===== Entries shown =====

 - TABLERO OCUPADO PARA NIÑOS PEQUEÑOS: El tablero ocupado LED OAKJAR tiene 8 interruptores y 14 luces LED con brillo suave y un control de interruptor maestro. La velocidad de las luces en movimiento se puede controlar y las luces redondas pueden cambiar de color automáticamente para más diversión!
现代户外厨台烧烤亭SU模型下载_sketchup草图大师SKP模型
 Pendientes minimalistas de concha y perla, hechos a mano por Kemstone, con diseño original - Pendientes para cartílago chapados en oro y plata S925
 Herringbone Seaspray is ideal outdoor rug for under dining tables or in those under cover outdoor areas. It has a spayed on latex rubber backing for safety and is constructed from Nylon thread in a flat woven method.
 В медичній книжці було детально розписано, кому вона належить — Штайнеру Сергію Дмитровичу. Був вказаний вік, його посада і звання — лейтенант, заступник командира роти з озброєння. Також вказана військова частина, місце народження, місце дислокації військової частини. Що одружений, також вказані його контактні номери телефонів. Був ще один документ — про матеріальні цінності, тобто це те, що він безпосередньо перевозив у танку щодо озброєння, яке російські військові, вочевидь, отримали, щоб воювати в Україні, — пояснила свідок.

=====
===== Entries shown =====

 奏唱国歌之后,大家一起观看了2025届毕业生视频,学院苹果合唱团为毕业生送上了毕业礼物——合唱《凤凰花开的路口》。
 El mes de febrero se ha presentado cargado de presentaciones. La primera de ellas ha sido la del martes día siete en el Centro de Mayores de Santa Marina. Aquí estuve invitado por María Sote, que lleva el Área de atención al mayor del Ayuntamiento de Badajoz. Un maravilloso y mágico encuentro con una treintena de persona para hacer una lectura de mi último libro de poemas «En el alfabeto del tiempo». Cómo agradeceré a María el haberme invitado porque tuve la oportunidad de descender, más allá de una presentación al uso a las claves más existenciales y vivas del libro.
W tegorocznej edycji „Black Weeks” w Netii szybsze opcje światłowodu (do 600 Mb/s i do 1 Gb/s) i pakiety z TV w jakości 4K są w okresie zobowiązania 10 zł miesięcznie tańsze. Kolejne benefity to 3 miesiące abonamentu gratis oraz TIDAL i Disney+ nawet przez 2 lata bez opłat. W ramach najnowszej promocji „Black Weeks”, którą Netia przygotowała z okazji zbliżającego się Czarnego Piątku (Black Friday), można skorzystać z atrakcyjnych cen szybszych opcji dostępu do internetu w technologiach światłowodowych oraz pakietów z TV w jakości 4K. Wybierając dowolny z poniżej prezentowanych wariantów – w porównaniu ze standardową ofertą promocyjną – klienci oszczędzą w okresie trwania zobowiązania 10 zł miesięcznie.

=====

▶ [Exercise brief]: Write out, from the lines above, only those from the line with "- TABLERO OCUPADO" to the line with "Pendientes minimalistas de", exactly as given, including the first and the last.

▶ [Response to the task]:
 - TABLERO OCUPADO PARA NIÑOS PEQUEÑOS: El tablero ocupado LED OAKJAR tiene 8 interruptores y 14 luces LED con brillo suave y un control de interruptor maestro. La velocidad de las luces en movimiento se puede controlar y las luces redondas pueden cambiar de color automáticamente para más diversión!
现代户外厨台烧烤亭SU模型下载_sketchup草图大师SKP模型
 Pendientes minimalistas de concha y perla, hechos a mano por Kemstone, con diseño original - Pendientes para cartílago chapados en oro y plata S925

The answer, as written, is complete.